Supreme Court Justices Sotomayor, Thomas Read Affirmative Action Opinions from the Bench in Rare Move

Supreme Court Justices Sonia Sotomayor and Clarence Thomas read their conflicting opinions on affirmative action Thursday from the bench in a rare instance only seen when justices want to call particular attention to their position. 

Thomas read his position, concurring with the opinion of the Court’s Thursday ruling against affirmative action, while Sotomayor read her own dissenting opinion. 

Thomas declared his opinion, reading, “Today, and despite a lengthy interregnum, the Constitution prevails.”

The 75-year-old justice lauded the majority decision that overturned decades of the U.S. judicial system that allowed universities and colleges to admit or reject applicants based on their race but also offered his own input. 

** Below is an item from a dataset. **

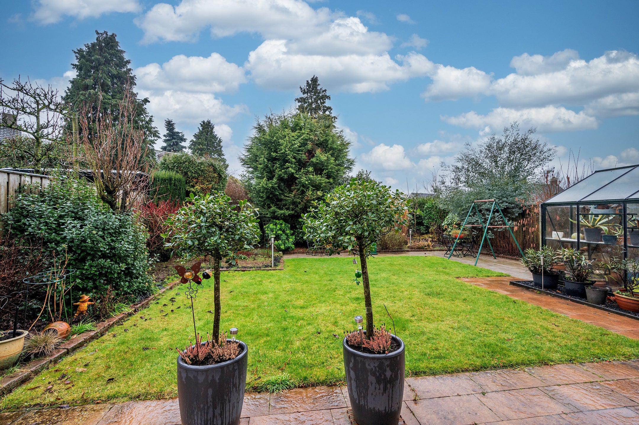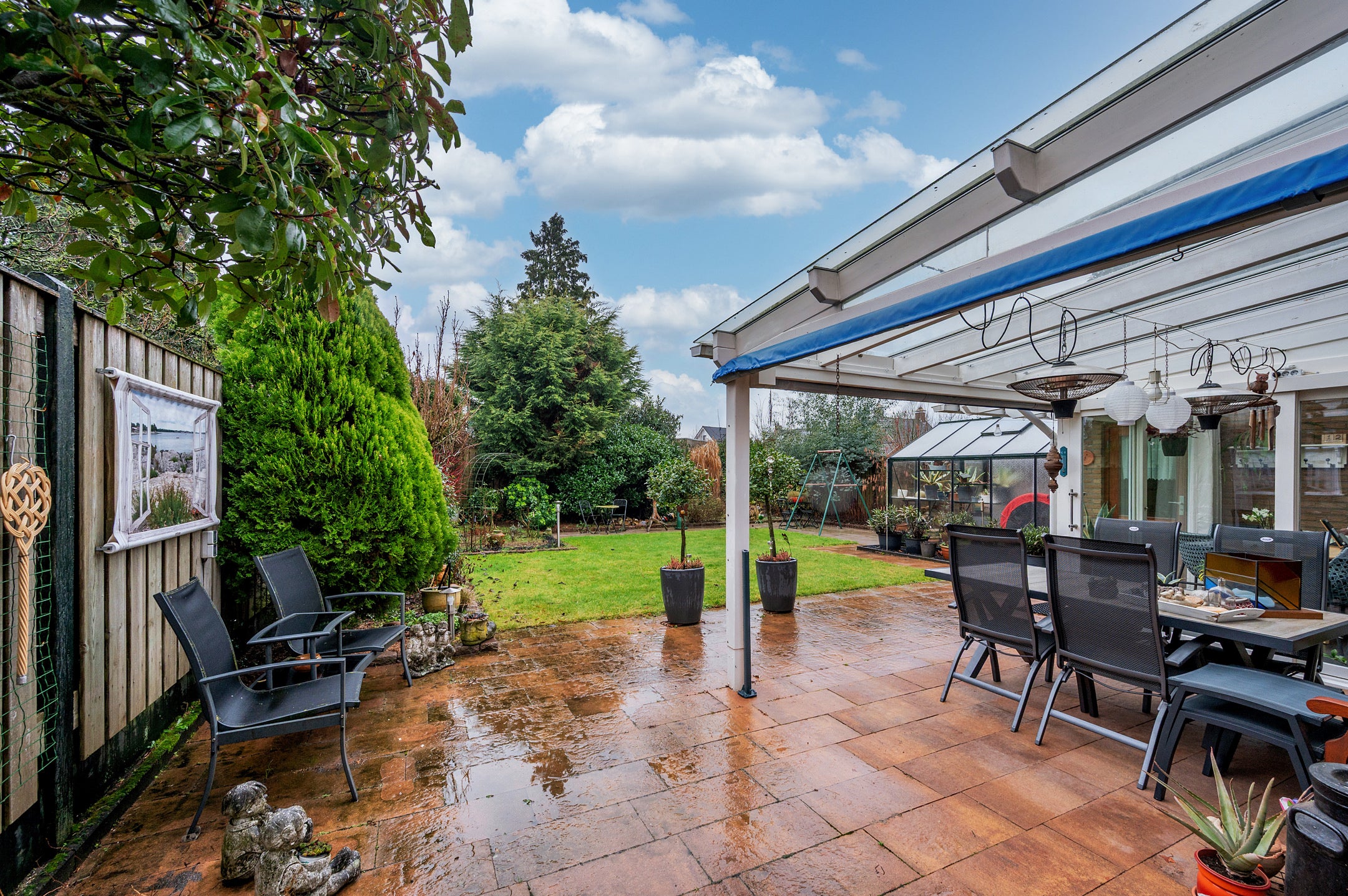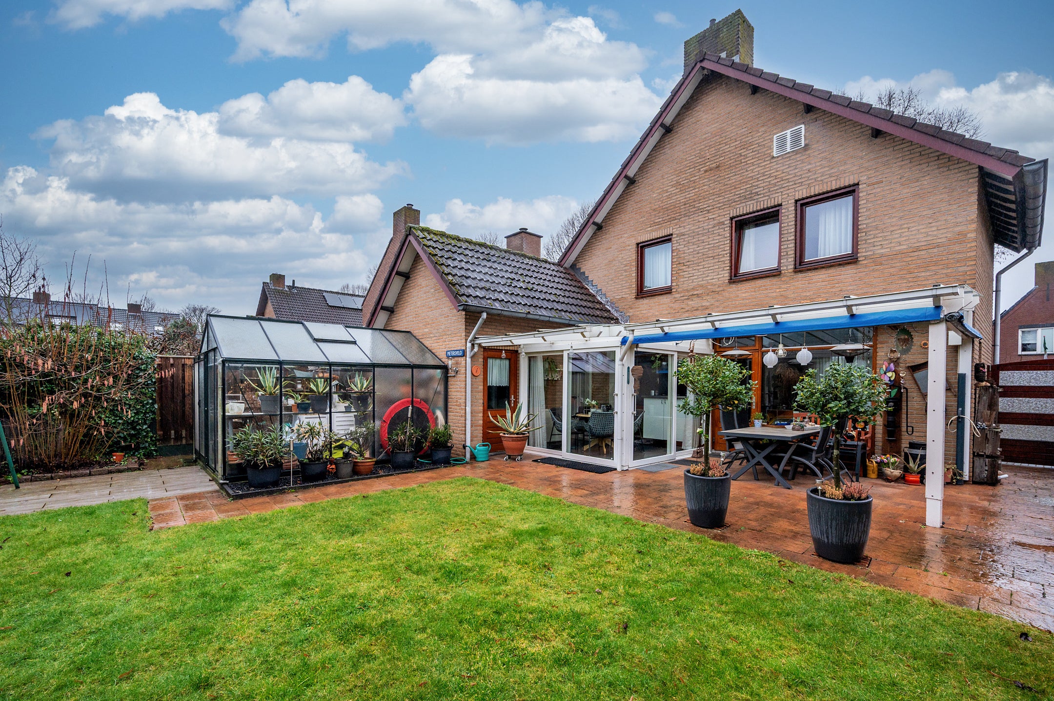 De tuin rondom is fraai aangelegd, met terrassen, een terrasoverkapping, een broeikas en twee opritten. Diverse voorzieningen, basisschool ‘De Springbeek’ en snelwegen zijn dichtbij. De woning beschikt over isolatie, zonnepanelen en centrale verwarming, wat bijdraagt aan het energielabel C. Bouwjaar is 1976 met een perceel van 450 m2 en een woonoppervlakte van 123 m2.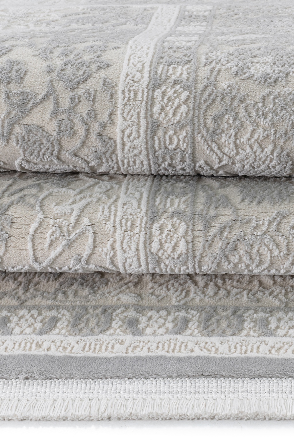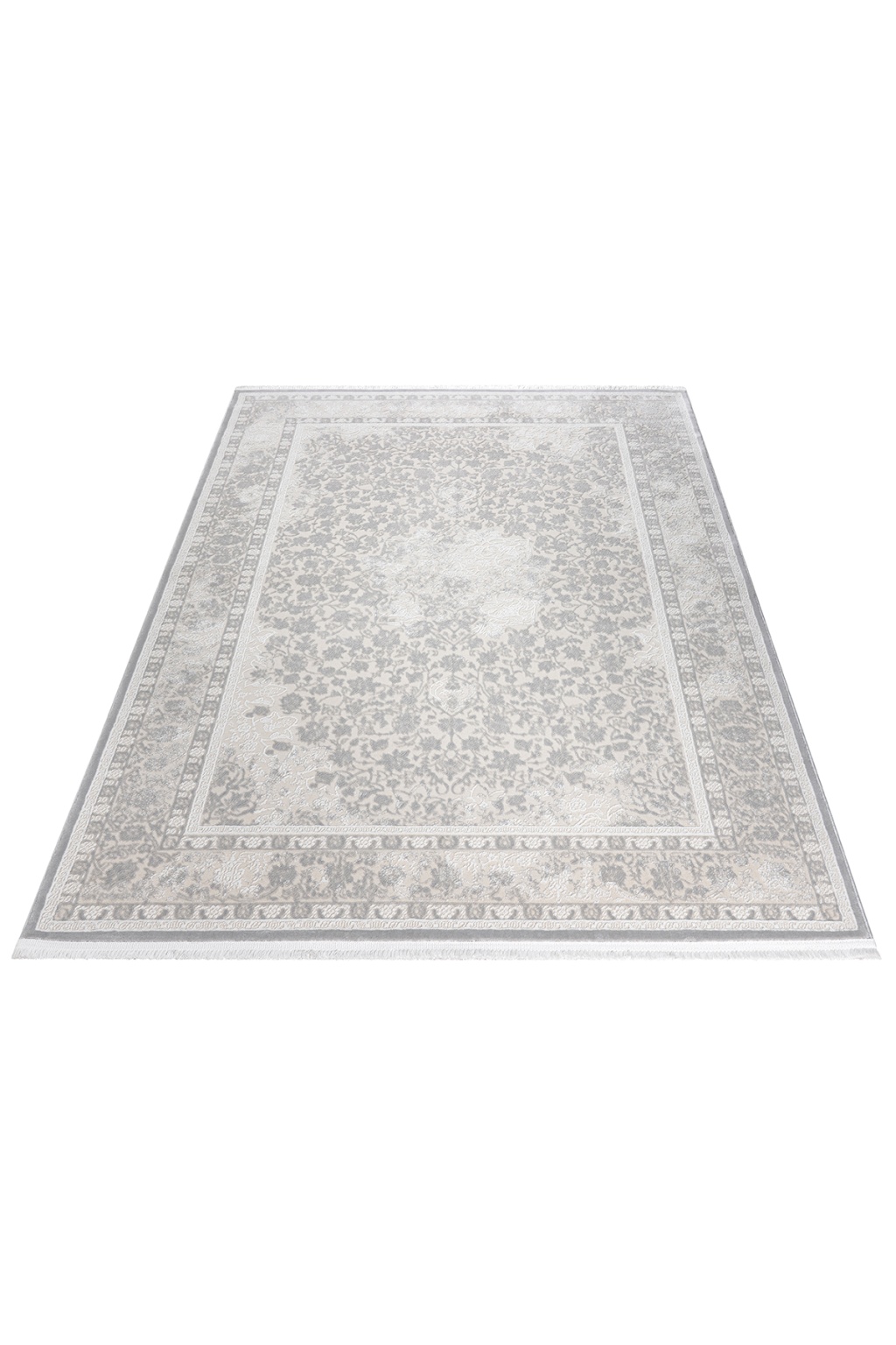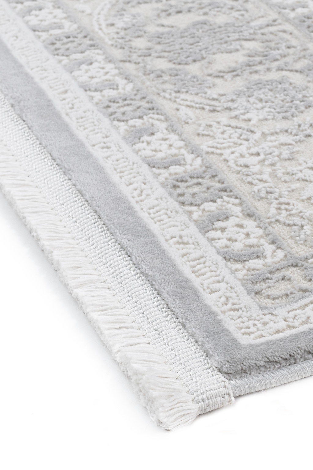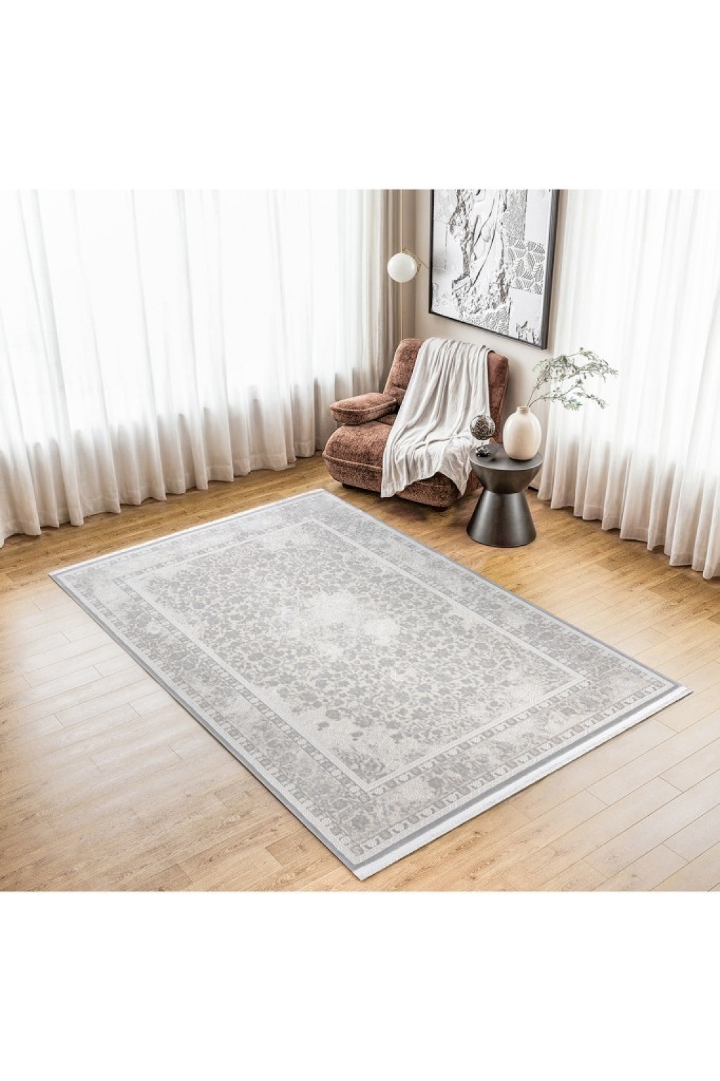 Klasik Medalyon Tasarımlı Pamuk Tabanlı Salon - Oturma Odası Gri Renk Halı

“I write separately to offer an originalist defense of the colorblind Constitution; to explain further the flaw of the Court’s Grutter jurisprudence; to clarify that all forms of discrimination based on race — including so-called affirmative action — are prohibited under the Constitution; and to emphasize the pernicious effects of all such discrimination.”

In the meantime, Sotomayor read her dissent against the majority opinion, which was joined by both of the other liberal justices, Elena Kagan and Ketanji Brown Jackson. 

“The Equal Protection Clause of the Fourteenth Amendment enshrines a guarantee of racial equality,” began Sotomayor. “The Court long ago concluded that this guarantee can be enforced through race-conscious means in a society that is not, and has never been, colorblind.”

“Today, this Court stands in the way and rolls back decades of precedent and momentous progress. It holds that race can no longer be used in a limited way in college admissions to achieve such critical benefits. In so holding, the Court cements a superficial rule of colorblindness as a constitutional principle in an endemically segregated society where race has always mattered and continues to matter.”

The ruling was split along traditional lines

On Thursday, the 6-3 ruling was split along traditional lines. Students for Fair Admissions, a student activist group, brought cases against the University of North Carolina and Harvard. The group initially sued Harvard College in 2014, violating Title VI of the Civil Rights Act, which “prohibits discrimination on the race, color, or national origin or in any program or activity that receives Federal funds or other Federal financial assistance.”

The complaint against Harvard alleges that the school’s practices penalized Asian American students and that they didn’t employ race-neutral practices. The case against the University of North Carolina raised the issue of whether the university could reject the use of non-race-based practices without showing they would negatively impact the benefits gained from campus diversity or bring down the school’s academic quality. 

The Court ruled in favor of Students for Fair Admissions in both cases.